#### [Task]
Please return exactly the lines from the top of the data through the line that contains "So I had set", and skip all pictures.

#### [Input for this task]
[Start of section]
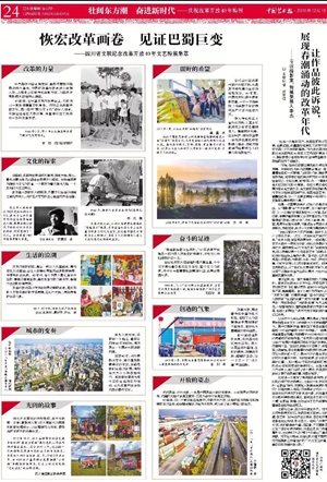 向阳公社率先摘牌、山村农民领取“林权证”、一批年轻人发起“长江漂流”壮举、成都火车站迎来第一拨民工潮、宜宾市纳溪县服装厂工人在车间里生产、遂宁市步云乡“直选乡长”、“超女”接听热线电话、汶川大地震中部队官兵搭建人梯抢运伤员和受困群众……一幅幅摄影作品串起四川城乡变迁、社会发展的火热气氛、感人画面,也带出了昔日熟悉的记忆:热闹的农贸市场、街头上的广告推销、坐三轮车拿“大哥大”的时髦派头、结婚时要求的“三转一响”和彰显体面的“凤凰牌”“永久牌”自行车等等。
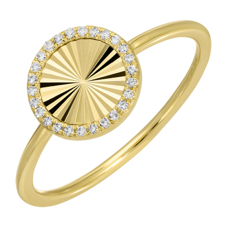 Modern texture meets timeless sparkle in the Fluted Diamond Disc Ring. This refined 14K gold band features a beautifully crafted fluted gold disc at its center, creating a stunning play of light and dimension. Surrounding the disc is a delicate halo of round brilliant diamonds, adding a radiant frame of shimmer that elevates the design with effortless sophistication.
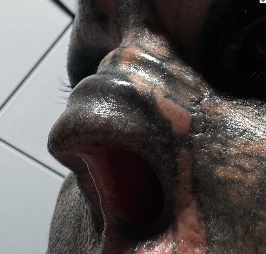 She also has a split tongue, creating that forked effect, along with horn-like implants under her forehead. They sit beneath the skin but still push outward, changing the shape of her face in a way that feels almost otherworldly.
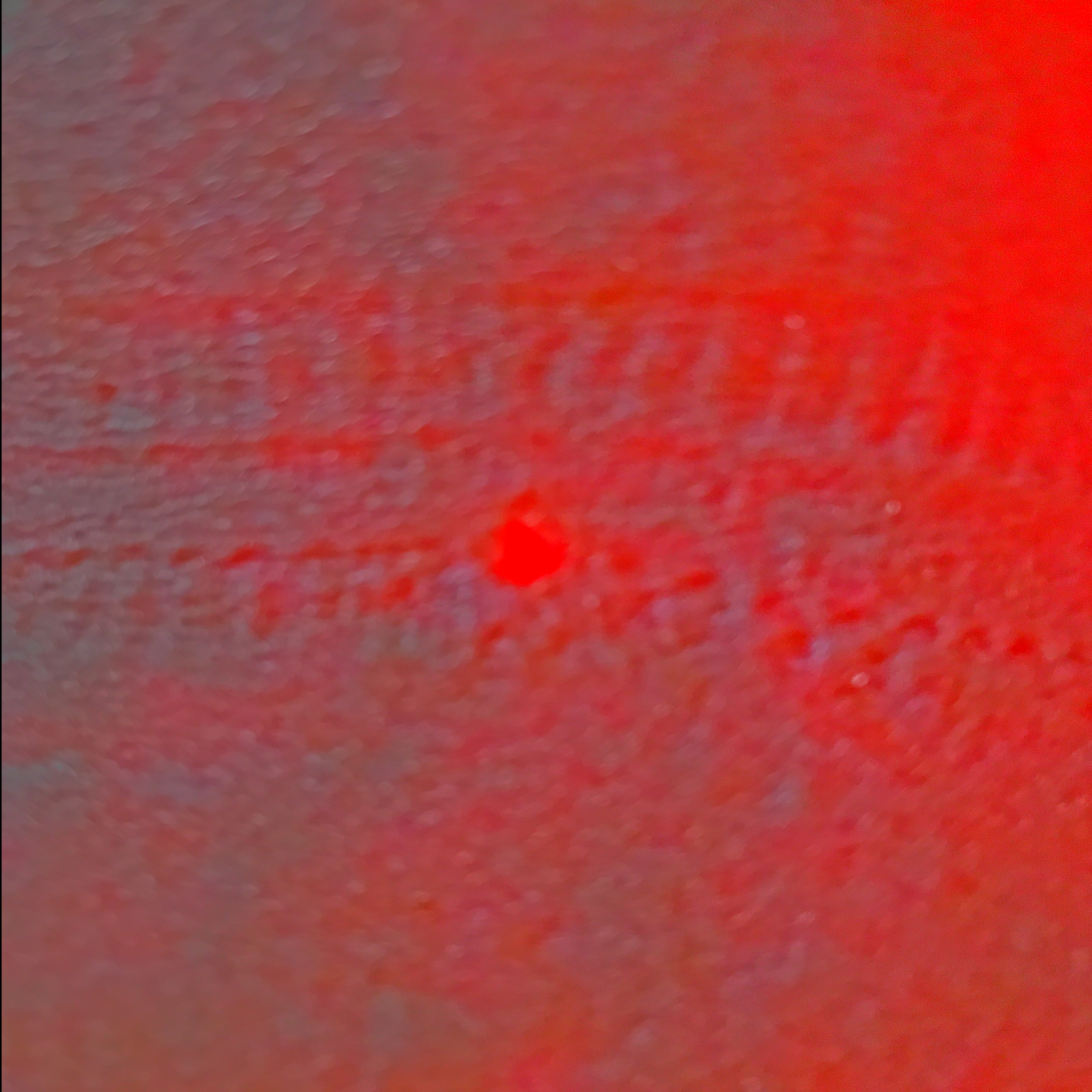 So I had set up a macro lens and was soon photographing. Initially, I started with single water droplets on the tin and looked for the observer in the reflection (from Derges the observer observed) but the droplets soon dried out. Another droplet was placed almost directly on top of the water stain. As I worked in the outdoors, dust and pollen fell onto the miniature set. A couple of reasonably deep themes emerged, signs of things past, now replaced and dust as a metaphor for our mortality and pollen as a metaphor for renewal and replacement.
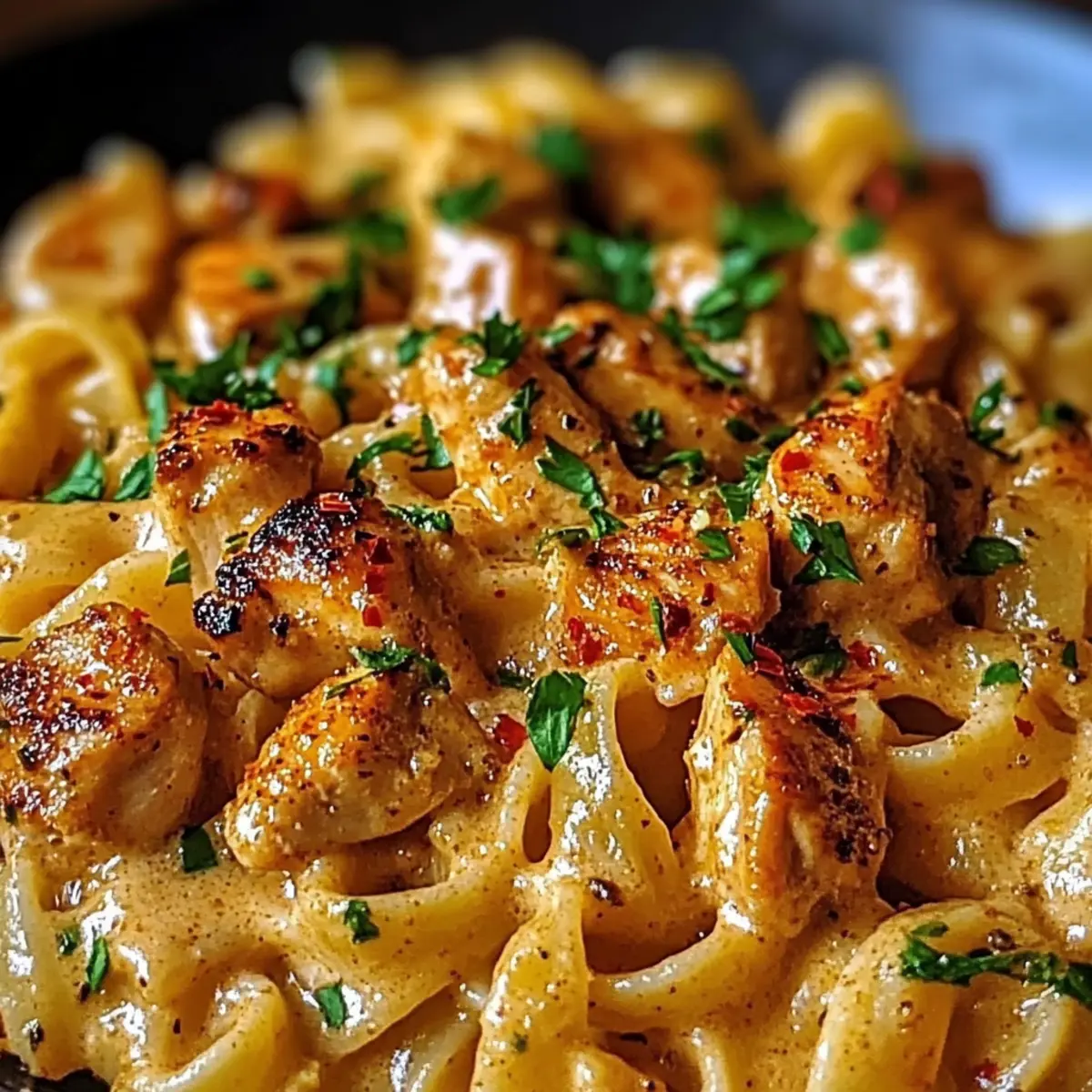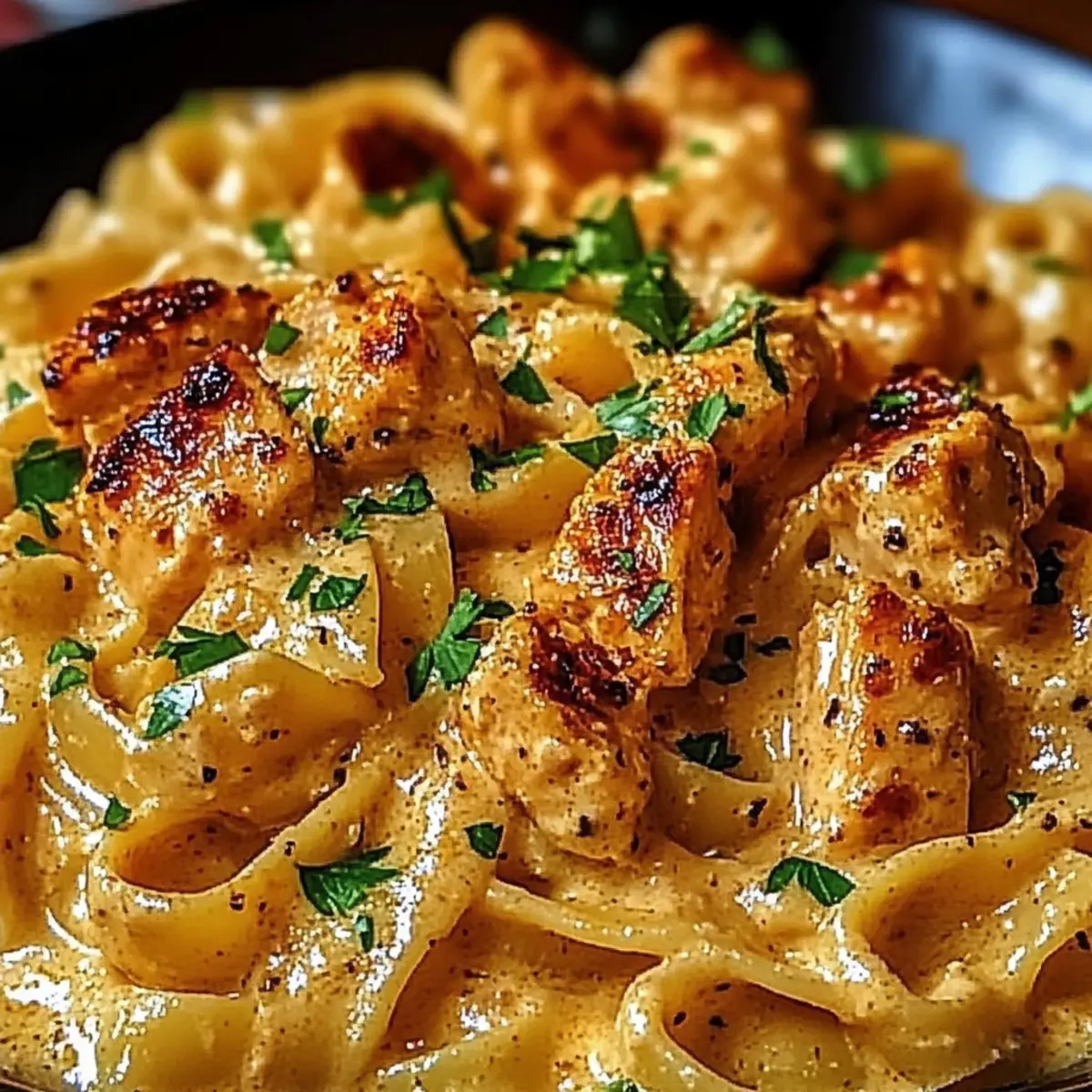 Plate your Cowboy Butter Chicken Pasta, generously topping each serving with freshly grated Parmesan cheese and a sprinkle of chopped parsley for added color and flavor. Serve warm, and savor the delightful aroma that fills your kitchen, inviting everyone to the table for a cozy meal.
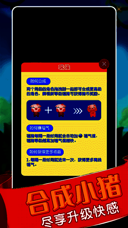 低层次仔猪被整合成高层次仔猪,通过升级赚取更多的黄金。
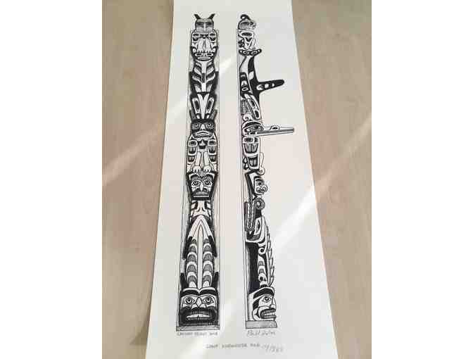 Black and white print of the new pole that went up at Camp Nor'wester in August 2018. Signed by Calvin Hunt and Bill Holm. Numbered out of 360. Print measures approximately 30 inches by 10.75 inches.
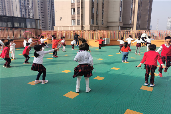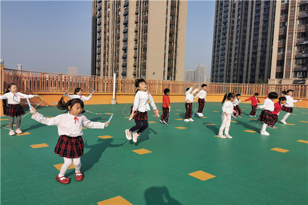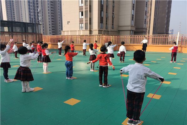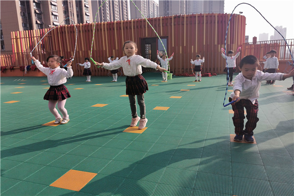 金秋的阳光温馨恬静,秋风和煦轻柔。为了促进幼儿体能的发展,增强幼儿体质,2020年10月12日,合肥市大西门幼儿园教育集团森林城分园大八班的小朋友开展了学习跳绳的活动。
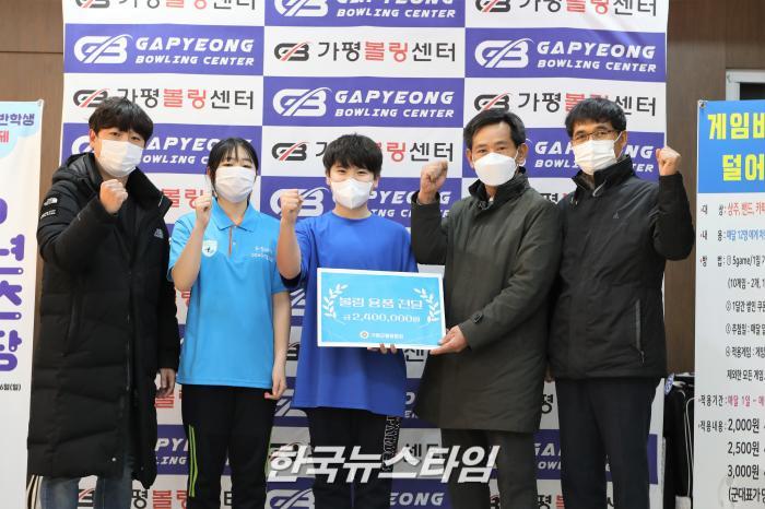 [한국뉴스타임=편집국] 가평군볼링협회(회장 양운우)는 관내 엘리트 체육 육성을 위하여 가평읍에 소재한 가평볼링센터에서 볼링용품 전달식을 가졌다.
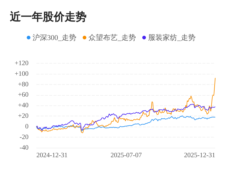 众望布艺股份有限公司的主营业务是中高档装饰面料及制品的研发、设计、生产与销售。公司的主要产品是装饰面料。公司多次获得年度纺织服装企业综合竞争力500强等荣誉称号,并在2024年获评浙江省“未来工厂”。
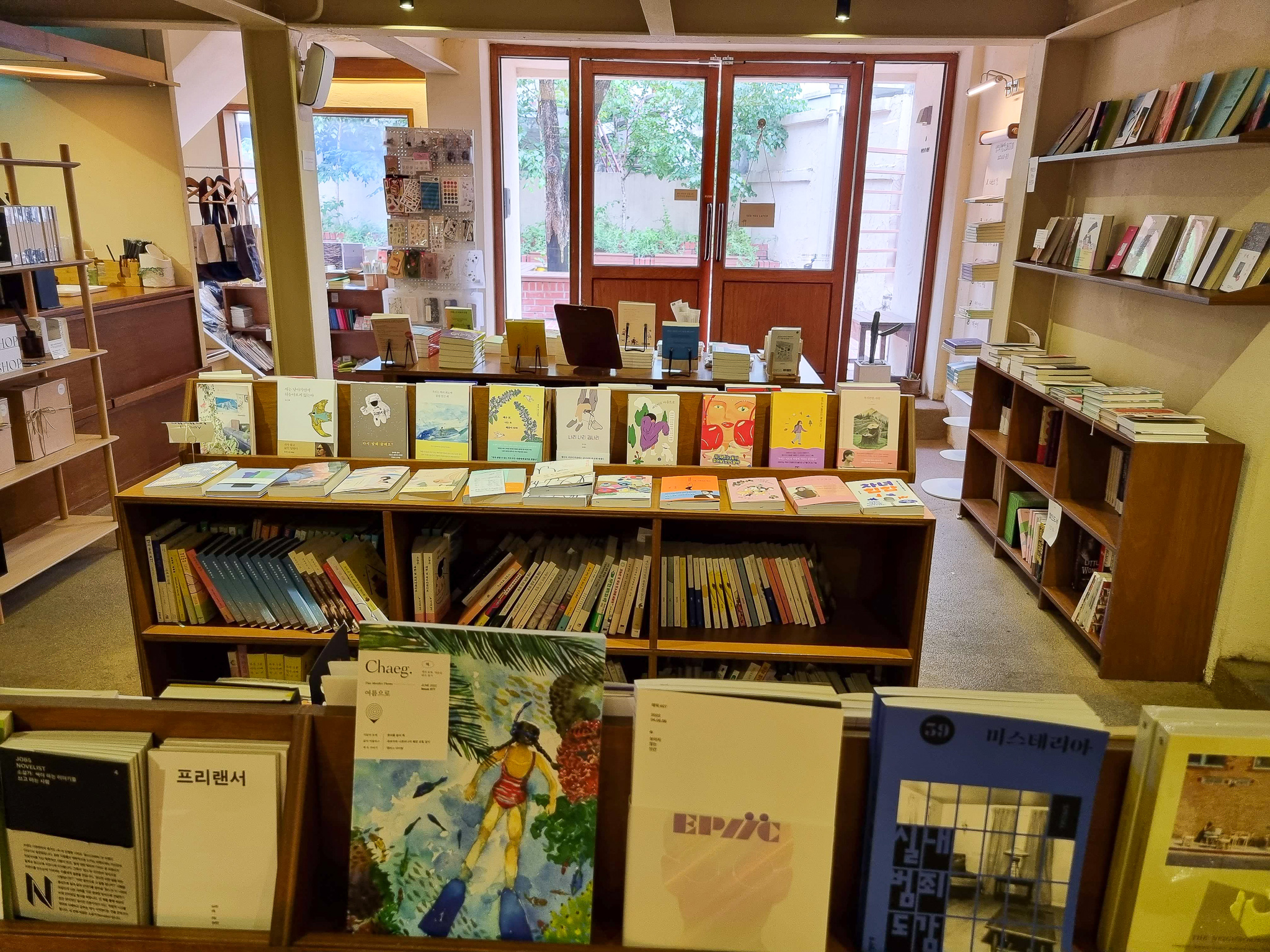 우드 블라인드가 잘 어울렸던 카페. 프레임 공사를 했구나. 전체적인 분위기는 우드톤의 포근한 느낌이었다. 왠지 가을과 겨울에 더 잘 어울린 것 같은 따뜻한 분위기였다. 30여분이 지났을 무렵 오랜만에 합정동에 나온 나로서는 더 앉아있을 수 없었다. 카페 분위기가 안 좋아서가 아니라 더 가볼 곳이 많아서 마음이 바빴기 때문이다. 마지막으로 기념품이나 책을 사서 나가려고 하던 마음을 용케 달래서 빈손으로 나갈 수 있었다. 마당에 있는 감나무와 자작나무가 가을이 되면 더 포근할 것 같았다.
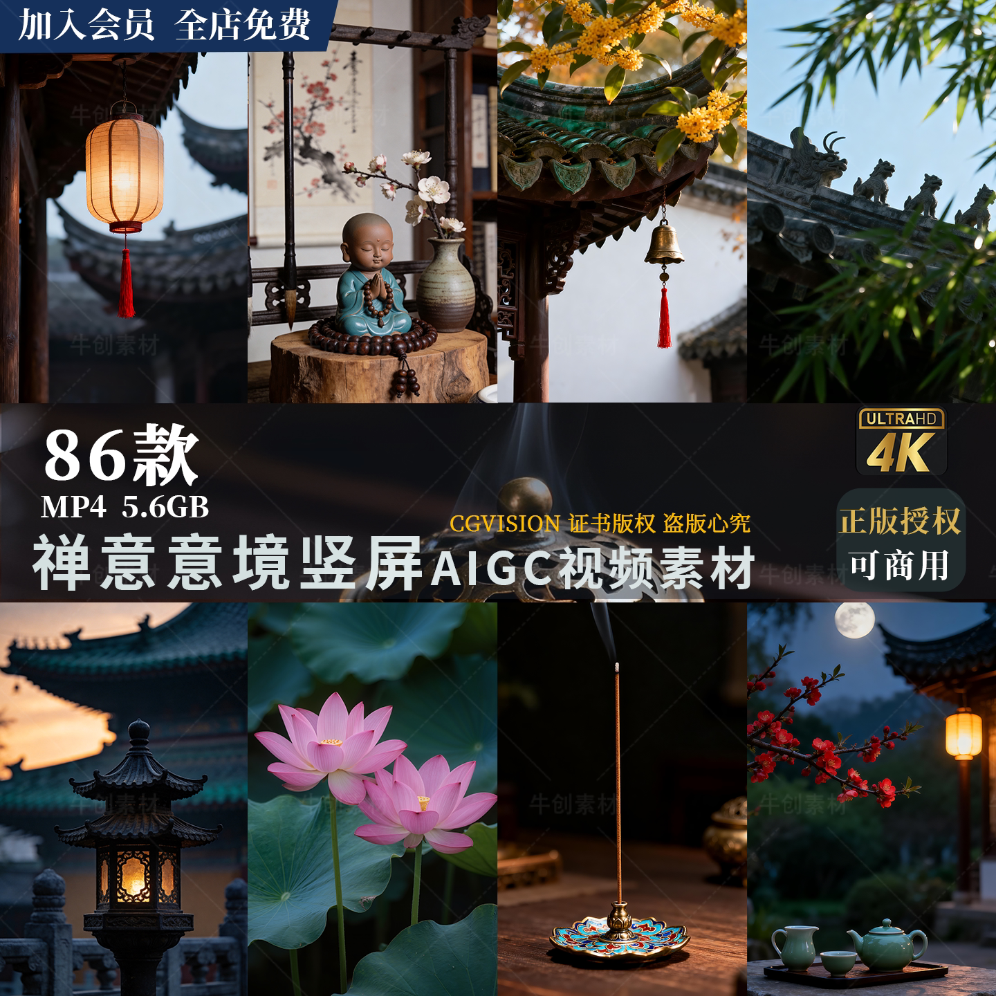 可商用禅意意境古建筑屋檐国风唯美抖音高清竖屏4K自媒体视频素材
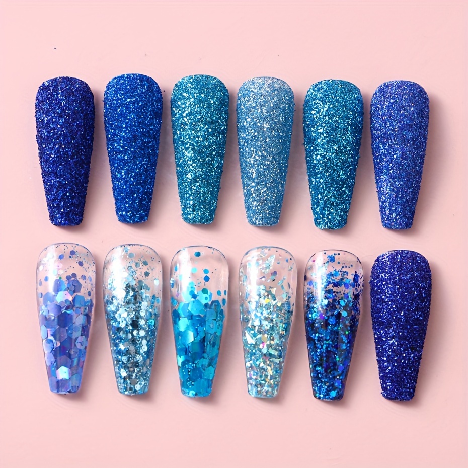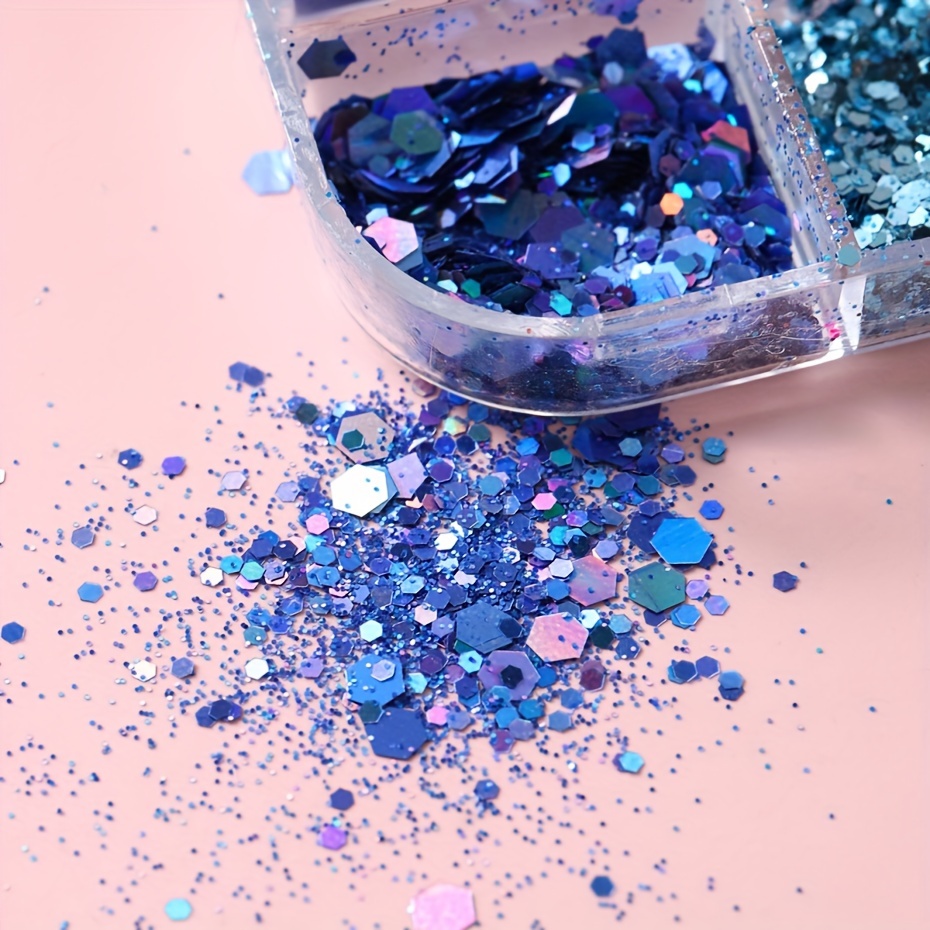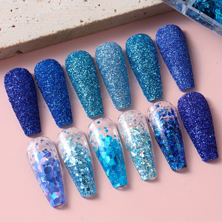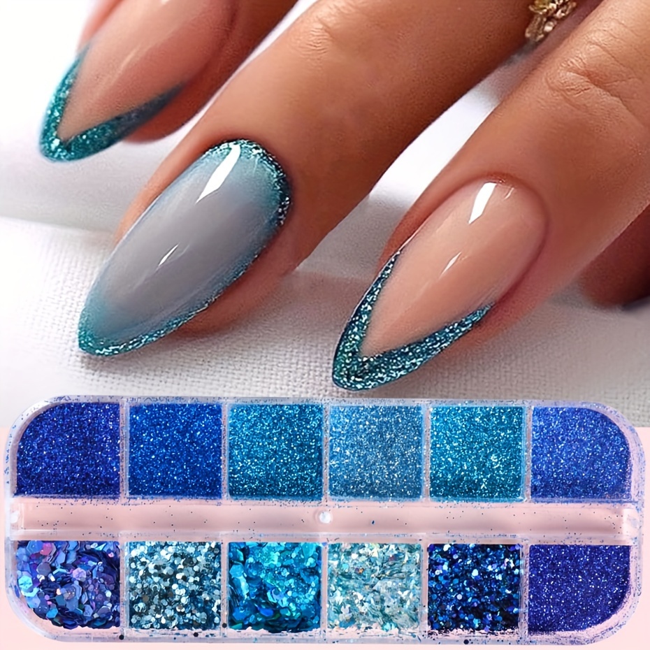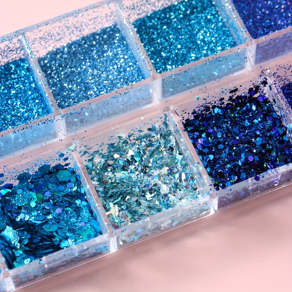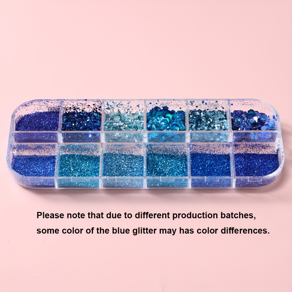 FULL BEAUTY Sparkly Blue Nail Glitter Set: 12 Grids of Shimmering Blue Sequins, Diamond Chrome, Fine Powder, Dust, Chunky Flakes, and Paillettes for DIY Manicure Decoration
[End of section]
#### [Solution to the exercise]
 向阳公社率先摘牌、山村农民领取“林权证”、一批年轻人发起“长江漂流”壮举、成都火车站迎来第一拨民工潮、宜宾市纳溪县服装厂工人在车间里生产、遂宁市步云乡“直选乡长”、“超女”接听热线电话、汶川大地震中部队官兵搭建人梯抢运伤员和受困群众……一幅幅摄影作品串起四川城乡变迁、社会发展的火热气氛、感人画面,也带出了昔日熟悉的记忆:热闹的农贸市场、街头上的广告推销、坐三轮车拿“大哥大”的时髦派头、结婚时要求的“三转一响”和彰显体面的“凤凰牌”“永久牌”自行车等等。
 Modern texture meets timeless sparkle in the Fluted Diamond Disc Ring. This refined 14K gold band features a beautifully crafted fluted gold disc at its center, creating a stunning play of light and dimension. Surrounding the disc is a delicate halo of round brilliant diamonds, adding a radiant frame of shimmer that elevates the design with effortless sophistication.
 She also has a split tongue, creating that forked effect, along with horn-like implants under her forehead. They sit beneath the skin but still push outward, changing the shape of her face in a way that feels almost otherworldly.
 So I had set up a macro lens and was soon photographing. Initially, I started with single water droplets on the tin and looked for the observer in the reflection (from Derges the observer observed) but the droplets soon dried out. Another droplet was placed almost directly on top of the water stain. As I worked in the outdoors, dust and pollen fell onto the miniature set. A couple of reasonably deep themes emerged, signs of things past, now replaced and dust as a metaphor for our mortality and pollen as a metaphor for renewal and replacement.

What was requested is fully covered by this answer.